Function Of TAR DNA-binding Protein 43 Research Articles

TDP‐43 A315T mutation in familial motor neuron disease

To identify novel causes of familial neurodegenerative diseases, we extended our previous studies of TAR DNA-binding protein 43 (TDP-43) proteinopathies to investigate TDP-43 as a candidate gene in familial cases of motor neuron disease. Sequencing of the TDP-43 gene led to the identification of a novel missense mutation, Ala-315-Thr, which segregates with all affected members of an autosomal dominant motor neuron disease family. The mutation was not found in 1,505 healthy control subjects. The discovery of a missense mutation in TDP-43 in a family with dominantly inherited motor neuron disease provides evidence of a direct link between altered TDP-43 function and neurodegeneration.
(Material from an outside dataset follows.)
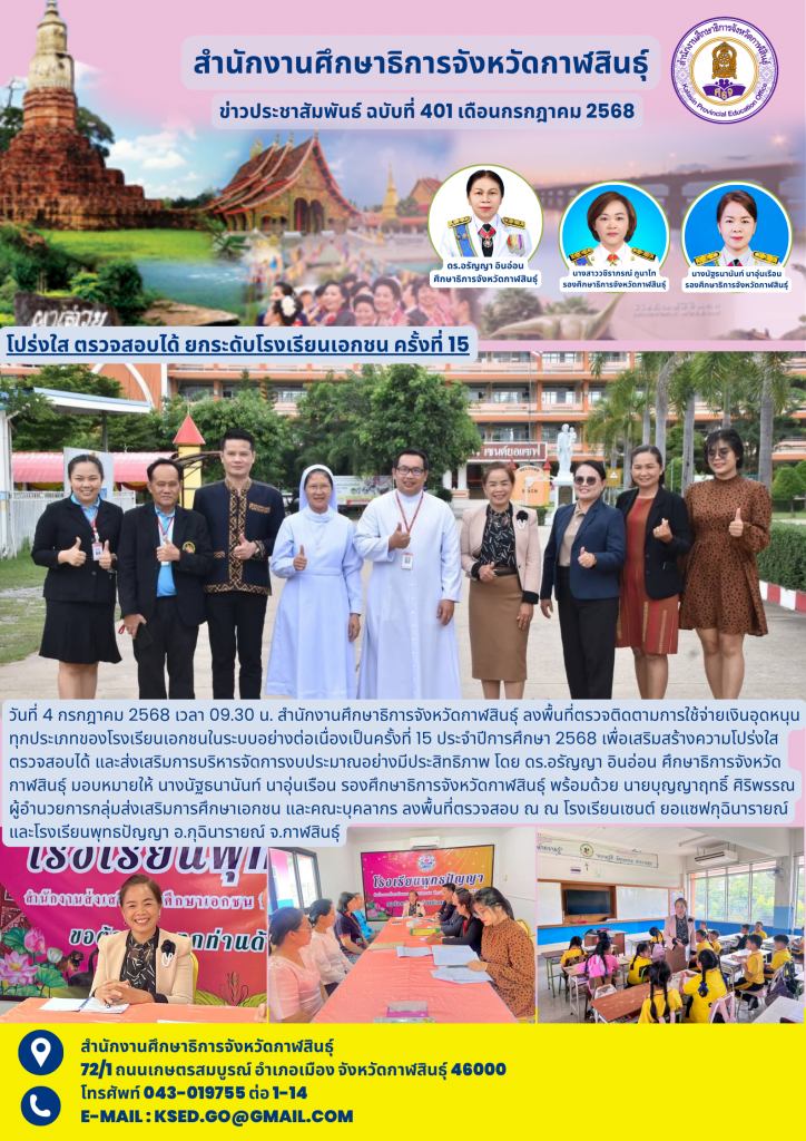 วันที่ 4 กรกฎาคม 2568 เวลา 09.30 น. สำนักงานศึกษาธิการจังหวัดกาฬสินธุ์ ลงพื้นที่ตรวจติดตามการใช้จ่ายเงินอุดหนุนทุกประเภทของโรงเรียนเอกชนในระบบอย่างต่อเนื่องเป็นครั้งที่ 15 ประจำปีการศึกษา 2568 เพื่อเสริมสร้างความโปร่งใส ตรวจสอบได้ และส่งเสริมการบริหารจัดการงบประมาณอย่างมีประสิทธิภาพ โดย ดร.อรัญญา อินอ่อน ศึกษาธิการจังหวัดกาฬสินธุ์ มอบหมายให้ นางนัฐธนานันท์ นาอุ่นเรือน รองศึกษาธิการจังหวัดกาฬสินธุ์ พร้อมด้วย นายบุญญาฤทธิ์ ศิริพรรณ ผู้อำนวยการกลุ่มส่งเสริมการศึกษาเอกชน และคณะบุคลากร ลงพื้นที่ตรวจสอบ ณ ณ โรงเรียนเซนต์ ยอแซฟกุฉินารายณ์ และโรงเรียนพุทธปัญญา อ.กุฉินารายณ์ จ.กาฬสินธุ์
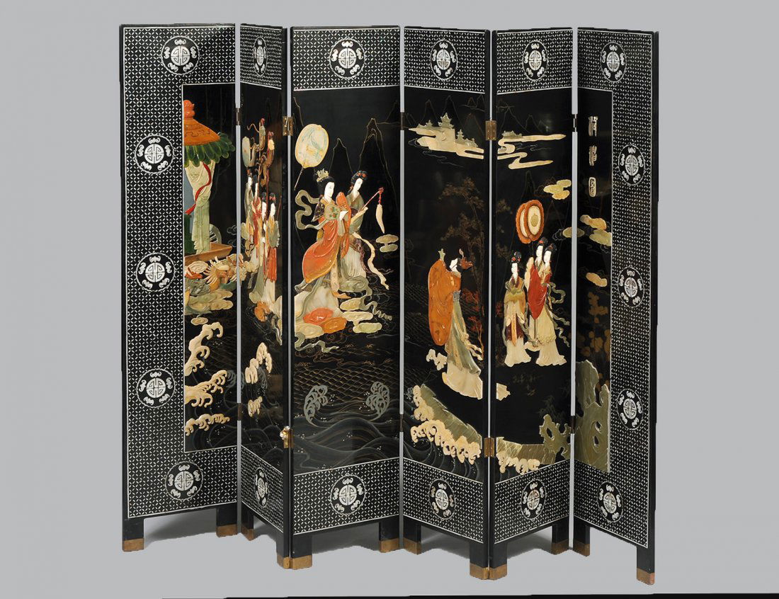 SIX FOLD SOAPSTONE OVERLAID LACQUERED SCREEN

TDP-43 proteinopathies: a new class of proteinopathies

The recent identification of TAR-DNA-binding protein-43 (TDP-43) as the major component of the pathologic inclusions characteristic to sporadic and familial frontotemporal lobar degeneration with ubiquitin-positive inclusions (FTLD-U), as well as most forms of amyotrophic lateral sclerosis (ALS), resolved a long-standing enigma concerning the nature of the ubiquitinated disease protein in these conditions and provides further evidence that ALS and FTLD-U represent a clinicopathological spectrum of neurodegenerative disorders that share similar pathomechanisms. Although the physiological function of TDP-43 in the brain and its specific role in FTLD-U and ALS pathogenesis is currently unknown, the presence of ubiquitinated, hyperphosphorylated and truncated species of TDP-43, in addition to redistribution of physiological TDP-43 from the nucleus to cytoplasmic inclusions, implicates TDP-43 in a novel and unifying mechanism of neurodegeneration in TDP-43 proteinopathies. In this review, we summarize the identification of TDP-43 and the advances in understanding TDP-43 proteinopathies, and finally we discuss the implications of these discoveries for future strategies in developing diagnostics and therapeutics for FTLD-U and ALS.